Thanks for u detailed answer on the dashboard validation testing.

 

Hi,
We also need to perform performance testing and concurrency testing of AI/BI (Lakeview) dashboards at the browser level โ€” measuring actual page load times, time-to-interactive, and how the dashboard behaves under concurrent user load.
 
What we want to measure:
  1. Dashboard page load time (navigation start โ†’ all widgets rendered)
  2. Time to First Contentful Paint (FCP) and Largest Contentful Paint (LCP)
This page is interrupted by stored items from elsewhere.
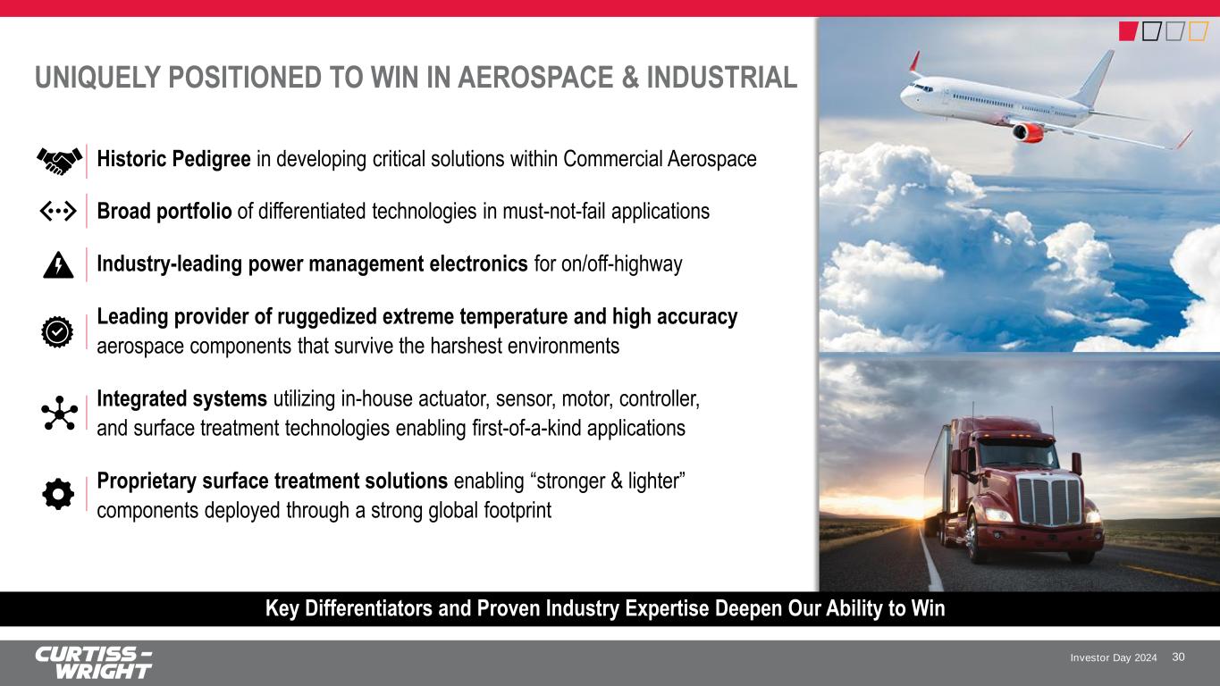 Investor Day 2024 AEROSPACE & INDUSTRIAL: BROAD MARKET APPLICABILITY DRIVING EFFICIENCY, PERFORMANCE AND SAFETY 29 50% COMMERCIAL AEROSPACE & DEFENSE 50% Diverse Customer Base (Select Examples)Broad Portfolio of Critical Solutions • Electromechanical Actuation • Aerospace Sensors and Valves • Power Electronics and Controls • Surface Treatment Services Significant Accomplishments Since 2021 Investor Day • Electromechanical actuation wins on Airbus A350F and UpNext, and Leidos Dynetics Enduring Shield programs • Newly developed power management electronics win with leading truck OEM • Aerospace industry partnership in Hydrogen propulsion technologies (FETCH project) • Expansion of laser peening services to commercial engines and F-35 bulkheads
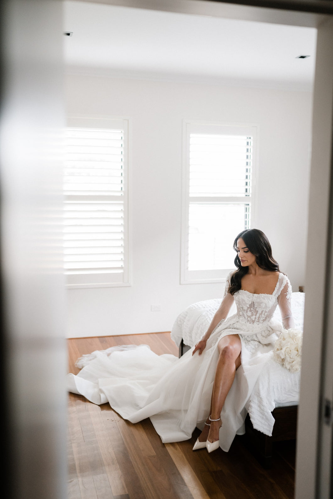 Introducing C2023-LS16K, an exquisite wedding dress for the most special occasion. This piece features sheer long sleeves, a graceful open neckline, and a daring side split. Finished with a voluminous train, this elegant design exudes timeless sophistication.
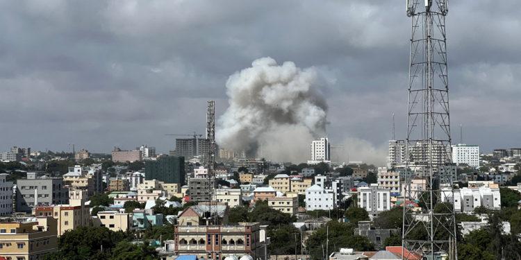 Οι δύο εκρήξεις σημειώθηκαν σχεδόν ταυτόχρονα στον πολυσύχναστο δρόμο Κ5, είπε ο Σαντίκ Ντουντίς, εκπρόσωπος της σομαλικής αστυνομίας.
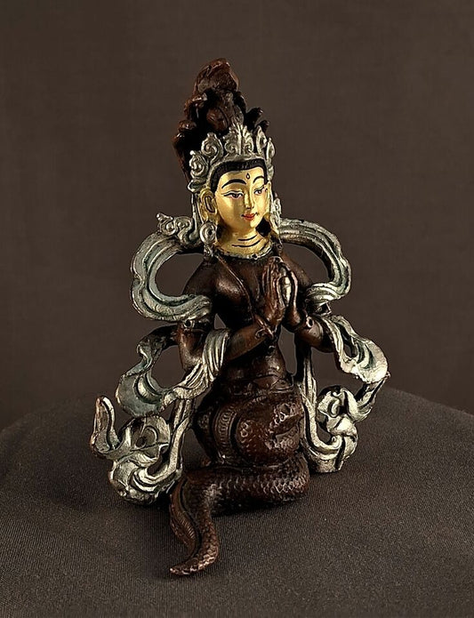 Tibetan Buddhism Goddess Naga kanya Queen Gold Face Copper Silver Oxide Statue Sculpture Figure Nepal
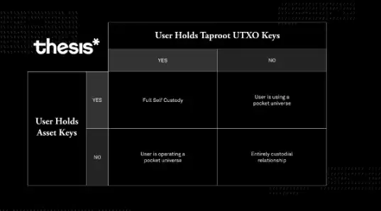 如如上所述,Taproot 资产的保管和所有权与比特币上的其他同质化 Token 有所不同。
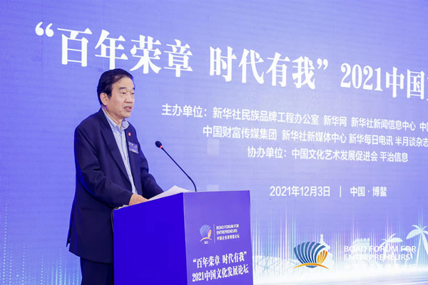 新华网海南博鳌12月3日电(伊媛) 12月2-5日,由新华社民族品牌工程办公室、新华网、新华社新闻信息中心、中国经济信息社、中国财富传媒集团、新华社新媒体中心、新华每日电讯、半月谈杂志社主办,贵州茅台总协办的2021中国企业家博鳌论坛在海南博鳌举行。3日下午,作为论坛组成部分,“百年荣章 时代有我”2021中国文化发展论坛成功举办。中国书法家协会名誉主席、全国政协书画室副主任、中央文史研究馆馆员苏士澍出席论坛并致辞。
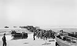 On 10 May 1940, Germany invaded Belgium. In response, the Anglo–French armies moved into Belgium in accordance with the Allied Dyle Plan. The division reached the River Dyle without difficulties. Although tactical success was achieved in its first action on 15 May, strategic developments forced the BEF to withdraw the next day towards the Escaut.[37][38] The 3rd Infantry Brigade provided a rearguard and was attacked on 18 May, was almost cut off but was able to extradite itself with the support of the divisional artillery. A few days later, the division fought back an assault on their position at the Escaut. The British official campaign history alleged that the Germans preceded their attack with troops dressed as civilians or British officers. On 23 May, a further withdrawal took place as the division moved back to defend the western bank of the Lys.[39] Three days later, with the majority of the BEF now bound within a closing perimeter on the French coast and lacking the ability to hold the position, the decision was made to evacuate from Dunkirk, the only remaining port in British hands.[40] By the end of the month, three of the division's battalions were dispatched to reinforce the 5th Infantry Division while the main body of the 1st Infantry Division withdrew into the newly established Dunkirk perimeter. The divisional engineers constructed a makeshift pier from lorries at Bray-Dunes, which became vital once small ships arrived to help with the evacuation. Meanwhile, the division's infantry (alongside the 46th Infantry Division) defended the Canal de Bergues between Bergues and Hoymille. On 31 May/1 June, they were heavily attacked; some positions were retained while others were breached and the troops forced back to the Canal des Chats. During this fighting, Captain Marcus Ervine-Andrews earned the Victoria Cross.[41] By the end of the next day, the division had been evacuated back to the UK.[29] The 1st Battalion, King's Shropshire Light Infantry, provided the division's rearguard and left via the Dunkirk mole on the ferry St Helier, alongside the final remnants of the BEF that had made it to Dunkirk, just prior to midnight. Left within the heavily damaged town, was upwards of 30,000 French soldiers who covered the final stage of British withdrawal.[42]
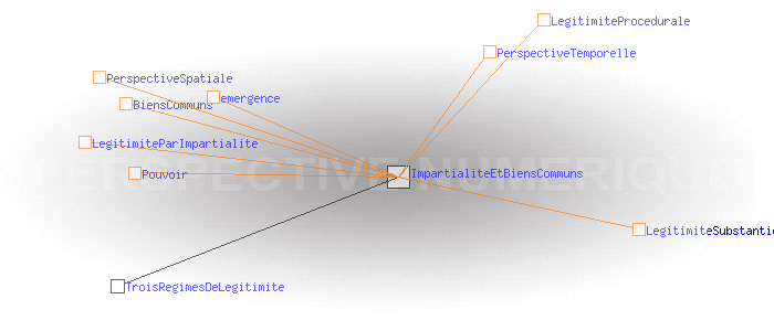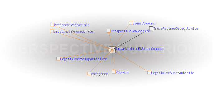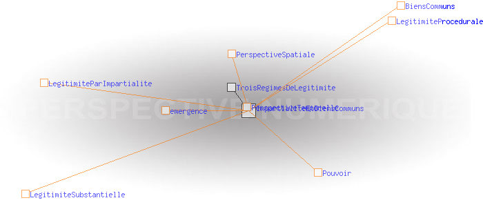 Le régime de légitimité temporel Biens CommunsDans la perspective spatiale, l'observateur n'est pas forcément confondu avec la chose représentée. Dans la perspective temporelle au contraire, les données émergeant de l’interaction sont le fruit des acteurs eux-mêmes. Celles-ci doivent en conséquence constituer une sorte de bien commun que rien ni personne ne peut s’approprier. Chacun est aussi en mesure de vérifier que ces biens communs le sont vraiment, par exemple en tentant d’en obtenir une copie intégrale. Traduit en termes politiques, la légitimité procédurale du pouvoir repose sur sa capacité à traiter les actions de chacun dans l’instant même, y compris les requêtes relatives à son processus d’accession ou de maintien au pourvoir. La légitimité par impartialité repose sur l’universalité et la lisibilité des règles de traitement que le pouvoir met en œuvre. Et c’est en étant le garant des biens communs issus de l’interaction de tous via son dispositif qu’il accède à la légitimité substantielle.
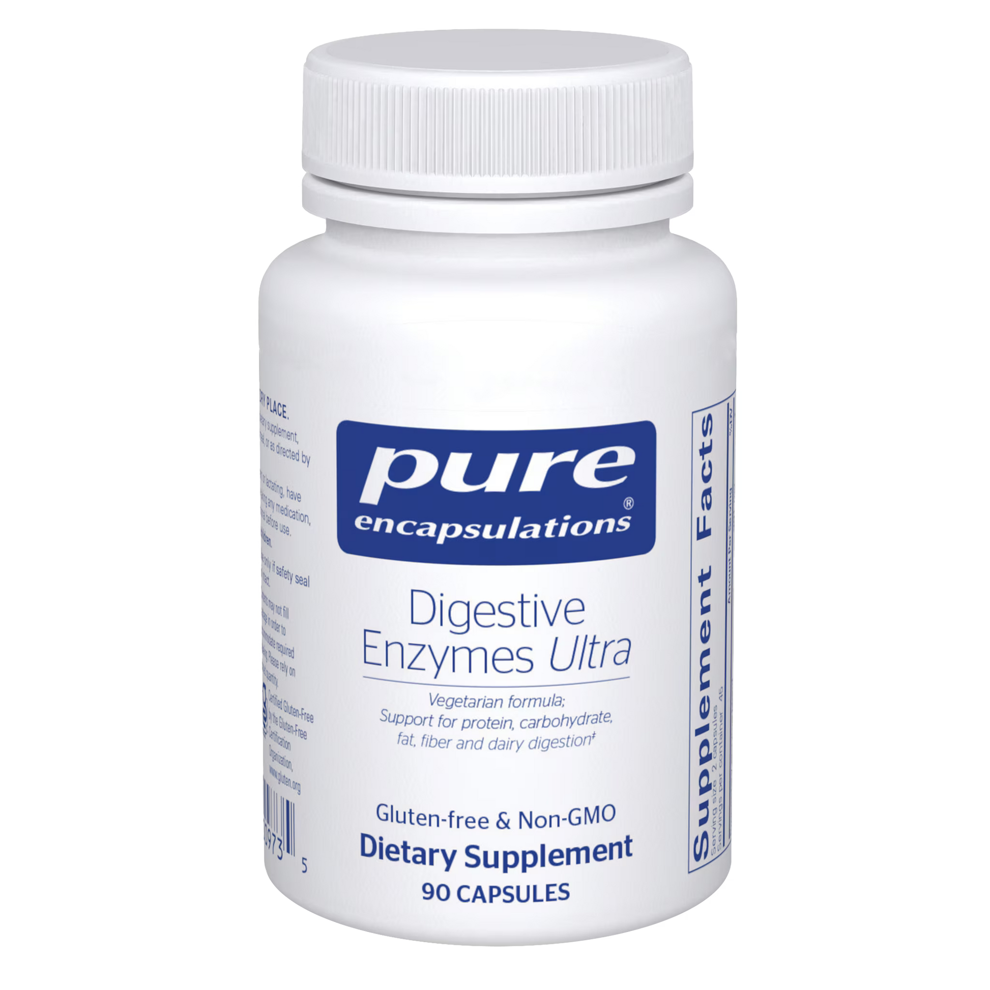 Digestive Enzymes Ultra contains an extensive profile of vegetarian digestive enzymes to support protein, carbohydrate, fat, fiber, and dairy digestion. Proteases included in this formula provide optimal activity across a wide pH range. They facilitate the normal breakdown of proteins and di- and tripeptides. Lipase promotes lipid breakdown while amylase and glucoamylase are included to stimulate polysaccharide breakdown of starch and glycogen. Invertase and lactase support digestion of carbohydrate disaccharides, including the dairy sugar lactose. This formula also offers numerous enzymes to support fiber breakdown, including cellulase, hemicellulase, beta-glucanase and phytase. These enzymes act to break down cell wall components and phytic acid, promoting nutrient bioavailability of fiber-containing foods. Additionally, alpha-galactosidase promotes the breakdown of certain complex carbohydrates, such as raffinose and stachyose, found in some legumes, vegetables, and grains helping to relieve occasional bloating or gas.

  3. Number and duration of backend SQL queries triggered during dashboard load
  4. How response times degrade when 10, 25, 50 users open the same dashboard simultaneously
  5. SQL Warehouse query queuing behavior under concurrent dashboard load
Our planned approach:
  1. Use Playwright (headless Chromium) to open the dashboard URL
  2. Capture performance.timing, paint entries, and network request durations
  3. Simulate concurrent users by launching multiple browser contexts in parallel
  4. Wait for networkidle state as a proxy for "dashboard fully loaded"
Our questions:
 
1. Authentication What is the recommended way to authenticate programmatically for browser-based dashboard access? Can we use PAT tokens via cookie/header injection, or is there a service account login flow that avoids interactive SSO?
 
2. Caching behavior When multiple users open the same dashboard simultaneously, does Lakeview leverage SQL Warehouse result cache? Or does each user session trigger independent query executions?
 
3. Network idle as completion signal Is networkidle (no network requests for ~500ms) a reliable indicator that all dashboard widgets have finished loading? Or are there lazy-loaded widgets or progressive rendering beyond that point?
 
4. Published vs draft dashboard For performance testing, should we test the published dashboard URL (which may have different caching/optimization behavior) vs the draft editor view?
 
5. Warehouse metrics correlation Is there a way to correlate dashboard-triggered queries in Query History API (GET /api/2.0/sql/history/queries) with a specific dashboard session? For example, does Lakeview tag queries with a statement_type or source field?
 
6. Concurrency limits Are there known limits on concurrent sessions viewing the same AI/BI dashboard (for example: warehouse concurrency caps, connection pooling, or API rate limits)?
 
Environment:
  • Databricks on AWS
  • AI/BI Dashboard (Lakeview), published
  • SQL Warehouse (serverless)
  • Playwright (Python) for browser automation
  • 10โ€“50 simulated concurrent users
Thanks in advance!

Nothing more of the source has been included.